S.T.A.L.K.E.R.: Call of Pripyat: review



  • Format: PC
  • Unleashed: Out Now
  • Publisher: bitComposer Games
  • Developer: GSC Gameworld
  • Players: 1 (single-player) 2-12 (multi-player)
  • Site: http://cop.stalker-game.com/

The third game in the successful pervert simulation series is finally here… wait no… that was probably just a dream. Ahem, anyway Stalker: Call of Pripyat is the latest in the S.T.A.L.K.E.R. series which see us thrust into the nightmarish ‘Zone’. The Zone is the area surrounding the nuclear plant in Chernobyl, which was devastated and evacuated following nuclear disaster in 1986. In the world of S.T.A.L.K.E.R. the zone has become home to all kinds of strange artefacts and scientific anomalies, attracting opportunistic scavengers and scientists to the area in droves. These scavengers are known as the titular Stalkers and in previous games, you were cast amongst their ranks and sent out to discover the secrets of the Zone. For Call of Pripyat, instead you’ll be playing as Alexander Degtyarev, a Ukrainian Secret Service agent whose goal is to find out what went wrong with a failed military operation, sent in to destroy the zone. Going undercover as a Stalker you’re tasked with discovering the fate of those sent before you and braving the multitude of horrors that await within.

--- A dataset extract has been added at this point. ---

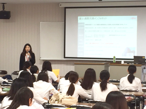 株式会社富士通鹿児島インフォネットは、鹿児島女子短期大学 教養学科の学生を対象に「ICT業界の仕事について」というテーマで講演を行いました。

A bit of night-time banditry doesn't go amiss

The previous entry in the series (Clear Skies) took the series away from its story-led, exploration heavy roots and instead tried to engage the player in factional warfare, as different groups attempted to vie for control of the Zone. Sadly Clear Skies was a bit of a mess, with the human AI and change of the series’ emphasis proving to be a turn-off to fans and critics alike. Call of Pripyat happily returns us to the series’ core ideals as we find ourselves plonked down into a vast wasteland, with only basic supplies to help us navigate its treacherous panoramas. The new areas (of which there are three to explore) dwarf the size of the maps from the previous games. Each of them are home to anomalies, where valuable and useful artefacts can be found for those willing to brave the physics bending traps that lie in wait. As well as anomalies, you can find underground laboratories, gigantic fissures in the earth that lead to newly made subterranean systems as well as outposts where you can converse and trade with your fellow Stalkers. Unfortunately you may find yourself trying to avoid conversation with your contemporaries, as their dialogue has been roughly translated into 90’s American fratboy speech. For those of you who care about immersion and atmosphere this can be a problem. Hauling yourself out from a brutal wasteland, raggedly pursued by a pack of mutants as the skies open up and a storm begins, the last thing you want to hear is ‘Howdy doody!’ Minor gripe aside, the brooding atmosphere and brilliantly designed mutants (including all new, evil psychic dwarves) perform admirably at immersing the player in this impressive yet oppressively bleak game world.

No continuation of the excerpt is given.